Gloomy Monday 24/1/2022

Actually I was thinking of the song by Billy Holiday which is Gloomy Sunday. There is a song called Gloomy Monday but it’s quite cheerful by comparison.

I don’t know if there is an official midwinter point for the UK but from a gardening point of view it would perhaps fall close to the end of January. The dead stems of grasses and herbaceous plants are starting to break up if they haven’t already been cut down. Frost has killed the top growth of the leftover Salvias, Cannas and Plectranthus. Balancing this are a few snowdrops and cyclamen in flower, the odd speck of pink from the hardiest Fuchsia microphylla. The hellebores are just beginning. Bulbs are pushing their noses through the soil; tulips, crocus, Camassia.

Hakonechloa doing its best to provide some winter colour on a very grey day.

I am grateful for these small pleasures. They lift my spirits a little, bringing hope of things to come. I note what is performing now and plan to add more. I’ll try out new things, see if I can’t get just a little more colour. Only a couple of months to get through.

Then, come the summer I struggle to plant anything without digging up those very same bulbs. I don’t like to cut down the Narcissus and Crocus foliage too soon. There’s a drab area I can do nothing with because it’s full of Hellebores.  I cannot go near our precious cyclamen collection, they must remain undisturbed so I can collect the seed. The winter flowering Camellias are blobs of dark foliage.

Having even a halfway decent level of interest in winter suddenly seems to have come at the expense of colour in the summer. The grasses that were so valued for their winter contribution are just background in summer. So too the late flowering Chrysanthemums, Asters, Nerines and sasanqua Camellias. The spring flowering Camellias are long gone too. OK, the spring flowering Magnolia is festooned with a summer flowering Clematis to disguise its dullness and Fuchsias have grown back up where species tulips and crocus were planted between them.

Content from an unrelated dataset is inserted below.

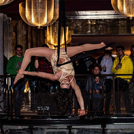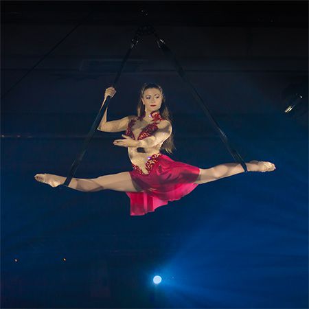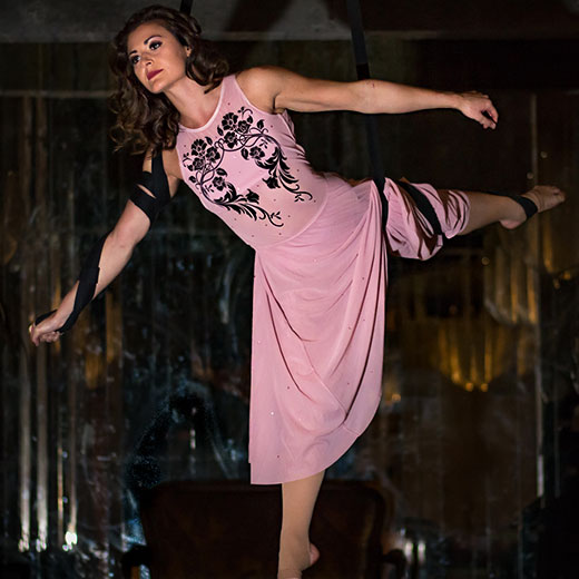 Une maître de tous les types de performances aériennes, elle se spécialise dans les sangles aériennes.

Beggars can’t be choosers, an imperfect Hellebore but still welcome.

I do sometimes wonder though why I put so much effort into having things happen in winter. I spend very little time out in the garden and no-one ever visits to see the fruits of my efforts. Disappointment comes with the territory, the beautiful Camellia display turns to mush overnight, the late ‘mums get flattened in autumn gales, assuming they’ve survived the slug onslaught.

The way it is supposed to work is that the wood anemones in spring die down as the Roscoeas come up through them; then they are cleared away just as Cyclamen hederifolium buds start to push up in autumn, followed by their mottled leaves through to spring when the anemones come again. Here and there it does work out like that but most plants don’t conveniently die down to nothing when they’ve stopped performing. They remain on stage, minus their motley, and in so doing they stop other players taking their place.

Generally, for me, having something happening right through the year has comfortably trumped the summer crescendo. Then along came the notion of opening the garden in summer and the insidious, corrosive notion that the paying public must be given what they have paid to see. It might cross the mind of a few of them that some of what they are seeing would have been flowering months before or will be in a few weeks time. For most I think they judge only what is on show on the day of their visit. In fairness, I probably do the same when I visit other gardens. I am being pulled in opposing directions and have no more idea of which way I’ll go than you do.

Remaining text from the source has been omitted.